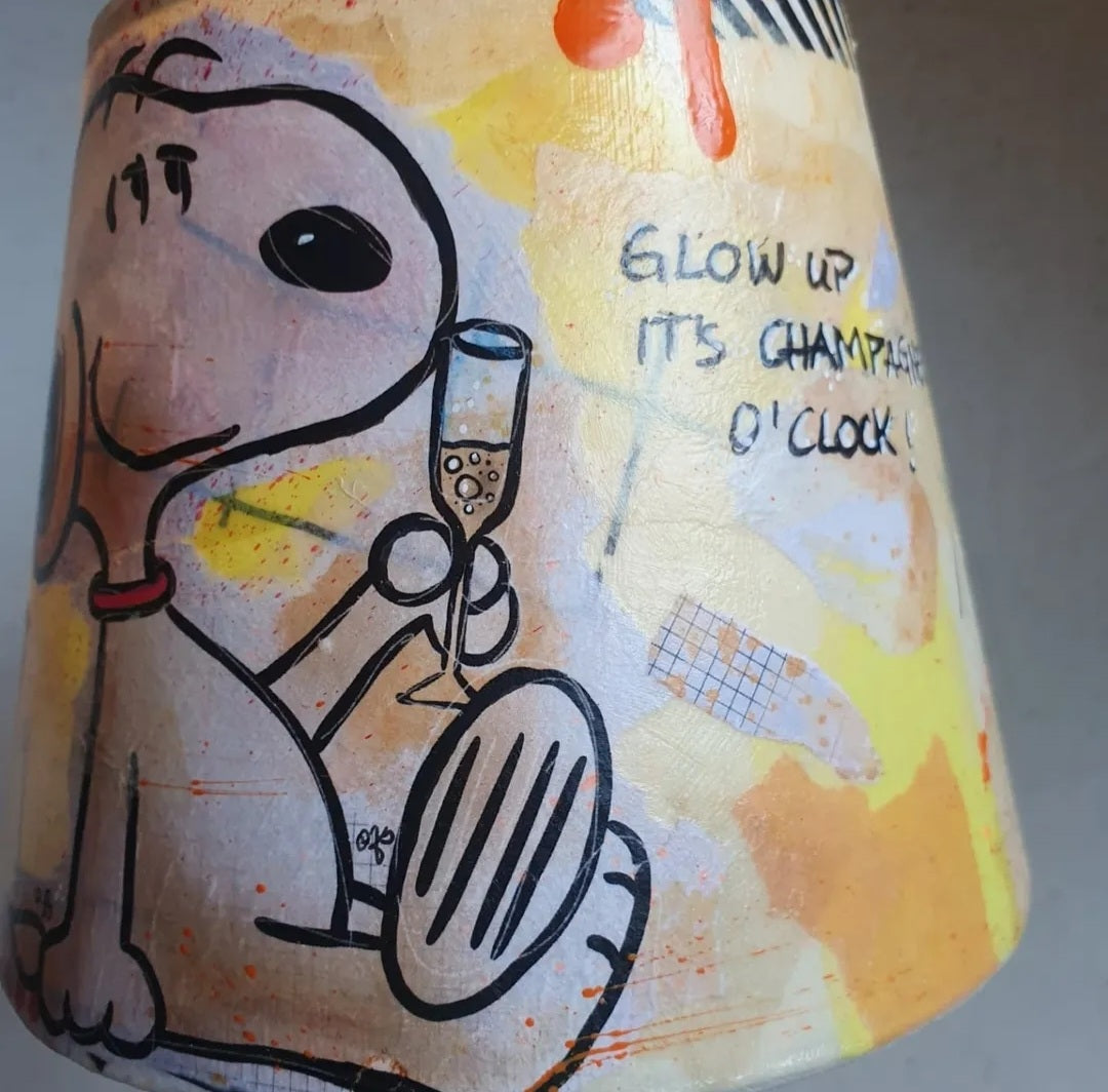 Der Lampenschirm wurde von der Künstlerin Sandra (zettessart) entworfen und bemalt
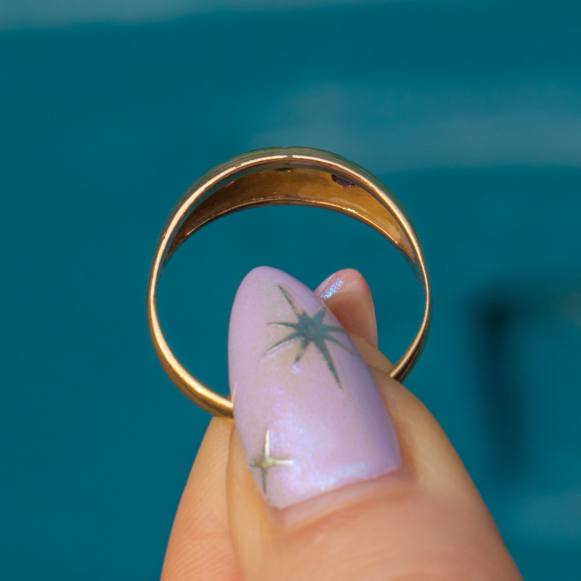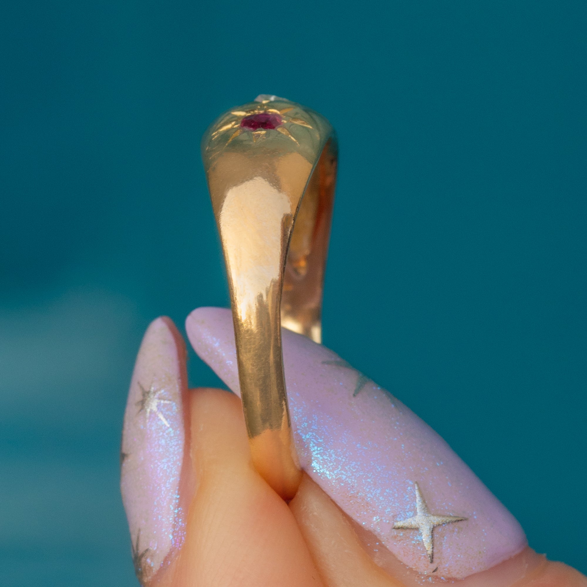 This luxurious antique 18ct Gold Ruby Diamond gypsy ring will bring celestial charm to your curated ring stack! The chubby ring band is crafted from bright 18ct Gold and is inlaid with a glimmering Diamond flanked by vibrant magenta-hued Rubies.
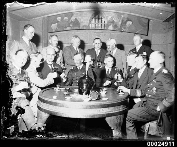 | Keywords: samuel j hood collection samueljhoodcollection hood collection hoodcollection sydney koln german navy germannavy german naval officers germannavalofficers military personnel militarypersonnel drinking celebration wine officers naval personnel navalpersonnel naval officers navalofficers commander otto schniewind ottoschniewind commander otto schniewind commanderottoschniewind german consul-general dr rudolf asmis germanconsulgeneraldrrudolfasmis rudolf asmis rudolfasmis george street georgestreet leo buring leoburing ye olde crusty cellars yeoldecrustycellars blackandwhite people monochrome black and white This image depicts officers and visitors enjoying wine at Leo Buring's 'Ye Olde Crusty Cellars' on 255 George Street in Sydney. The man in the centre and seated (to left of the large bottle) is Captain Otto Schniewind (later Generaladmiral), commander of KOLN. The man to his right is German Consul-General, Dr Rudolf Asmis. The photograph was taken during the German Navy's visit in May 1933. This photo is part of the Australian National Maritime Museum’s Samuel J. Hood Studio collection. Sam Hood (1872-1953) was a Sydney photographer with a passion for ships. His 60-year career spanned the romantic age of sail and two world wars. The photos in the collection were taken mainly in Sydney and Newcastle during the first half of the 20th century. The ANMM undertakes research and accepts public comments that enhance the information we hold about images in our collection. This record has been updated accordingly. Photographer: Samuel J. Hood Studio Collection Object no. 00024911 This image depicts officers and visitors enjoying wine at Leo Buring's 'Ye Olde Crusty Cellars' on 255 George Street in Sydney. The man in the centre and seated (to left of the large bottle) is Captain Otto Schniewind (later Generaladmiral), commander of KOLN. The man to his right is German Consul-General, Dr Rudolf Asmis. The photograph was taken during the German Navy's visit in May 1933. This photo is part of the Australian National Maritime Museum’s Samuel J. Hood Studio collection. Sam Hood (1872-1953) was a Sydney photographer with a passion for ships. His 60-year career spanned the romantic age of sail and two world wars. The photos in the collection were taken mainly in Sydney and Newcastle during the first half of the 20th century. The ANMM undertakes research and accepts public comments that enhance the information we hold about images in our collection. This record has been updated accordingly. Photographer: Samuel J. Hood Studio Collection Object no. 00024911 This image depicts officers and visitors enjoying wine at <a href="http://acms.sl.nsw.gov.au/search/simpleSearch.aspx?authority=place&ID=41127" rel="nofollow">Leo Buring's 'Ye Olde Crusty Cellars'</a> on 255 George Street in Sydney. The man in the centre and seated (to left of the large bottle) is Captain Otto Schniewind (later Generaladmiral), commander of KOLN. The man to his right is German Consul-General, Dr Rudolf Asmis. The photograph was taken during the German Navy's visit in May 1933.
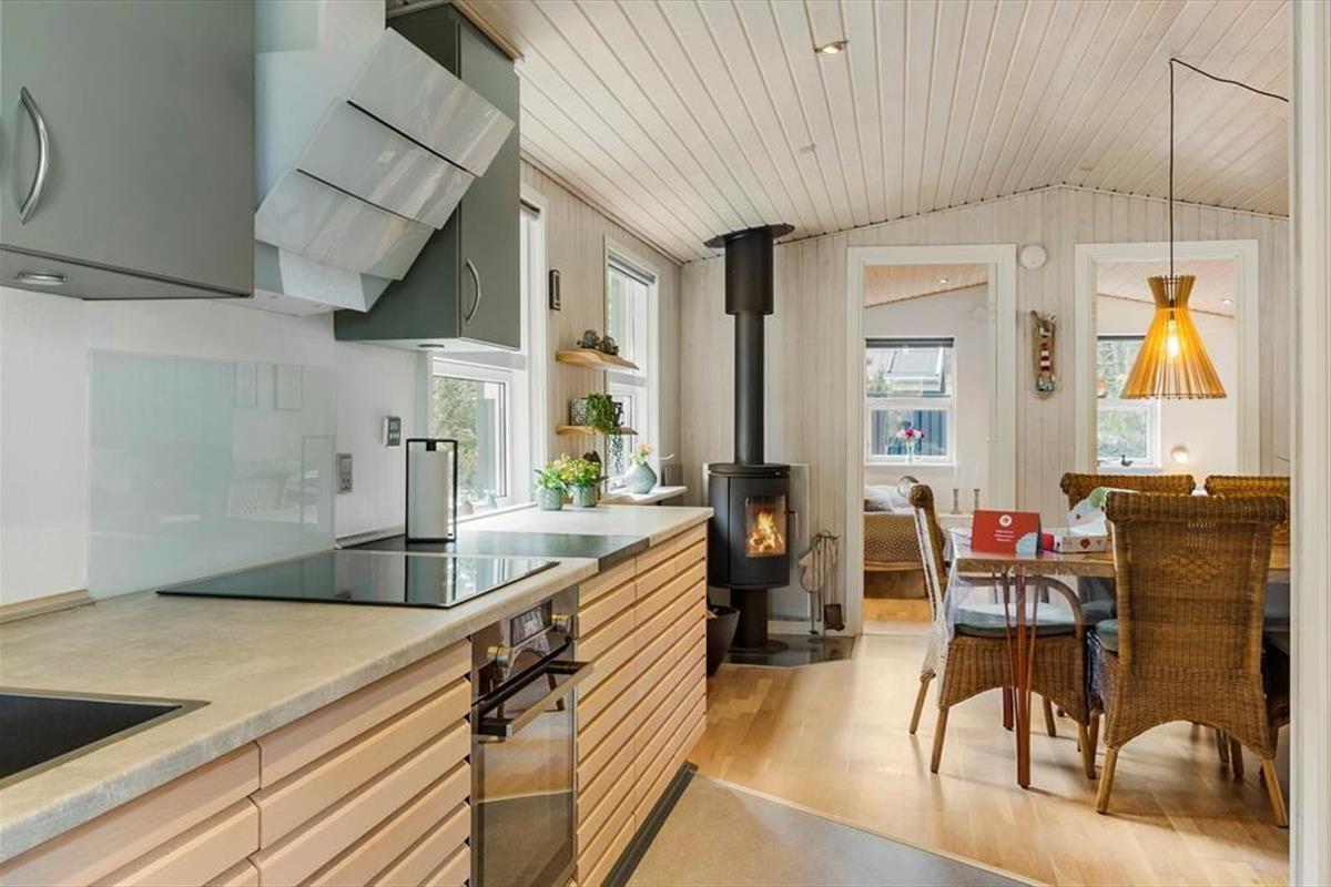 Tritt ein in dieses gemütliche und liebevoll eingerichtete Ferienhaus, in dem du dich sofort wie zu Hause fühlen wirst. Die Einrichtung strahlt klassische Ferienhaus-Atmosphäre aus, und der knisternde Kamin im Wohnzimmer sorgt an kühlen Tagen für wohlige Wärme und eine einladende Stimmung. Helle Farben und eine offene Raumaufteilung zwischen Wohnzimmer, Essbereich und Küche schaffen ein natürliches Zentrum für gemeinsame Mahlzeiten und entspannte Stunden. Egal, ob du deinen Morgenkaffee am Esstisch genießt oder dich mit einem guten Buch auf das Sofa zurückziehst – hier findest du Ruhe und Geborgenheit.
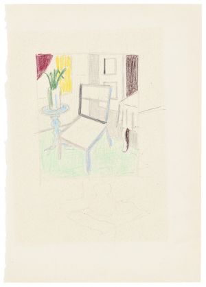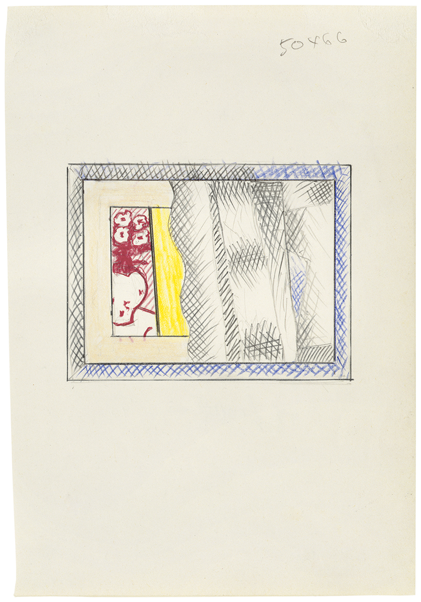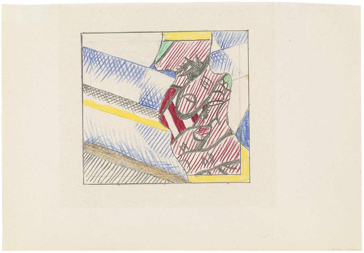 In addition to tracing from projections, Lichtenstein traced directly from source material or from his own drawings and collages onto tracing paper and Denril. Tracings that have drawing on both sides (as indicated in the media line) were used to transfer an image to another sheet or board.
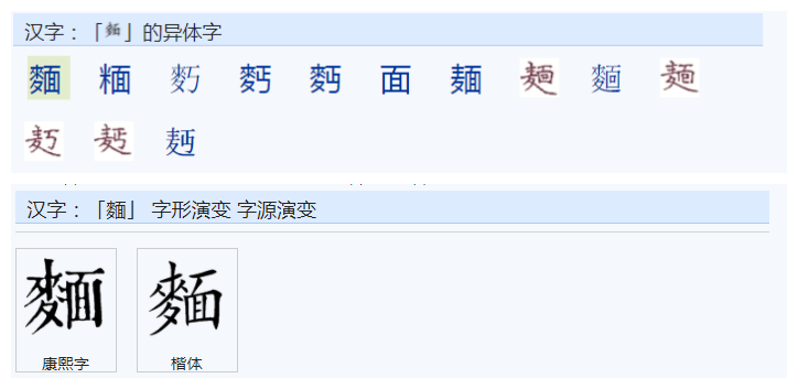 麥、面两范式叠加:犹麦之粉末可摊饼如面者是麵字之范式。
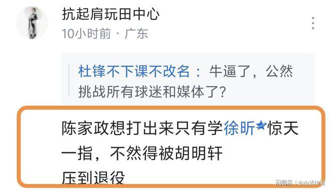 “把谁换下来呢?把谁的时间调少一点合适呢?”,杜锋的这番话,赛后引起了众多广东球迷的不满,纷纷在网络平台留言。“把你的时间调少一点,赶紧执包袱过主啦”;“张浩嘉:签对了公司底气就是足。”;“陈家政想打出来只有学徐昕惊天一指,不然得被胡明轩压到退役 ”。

□ □ □ □

▶ [Assignment] Everything from the line containing "麥、面两范式叠加:犹麦之粉末可摊饼如面者是麵字之范式。" through the last line of the entries is to be output exactly as written, minus any pictures.

▶ [Result of this exercise]
 麥、面两范式叠加:犹麦之粉末可摊饼如面者是麵字之范式。
 “把谁换下来呢?把谁的时间调少一点合适呢?”,杜锋的这番话,赛后引起了众多广东球迷的不满,纷纷在网络平台留言。“把你的时间调少一点,赶紧执包袱过主啦”;“张浩嘉:签对了公司底气就是足。”;“陈家政想打出来只有学徐昕惊天一指,不然得被胡明轩压到退役 ”。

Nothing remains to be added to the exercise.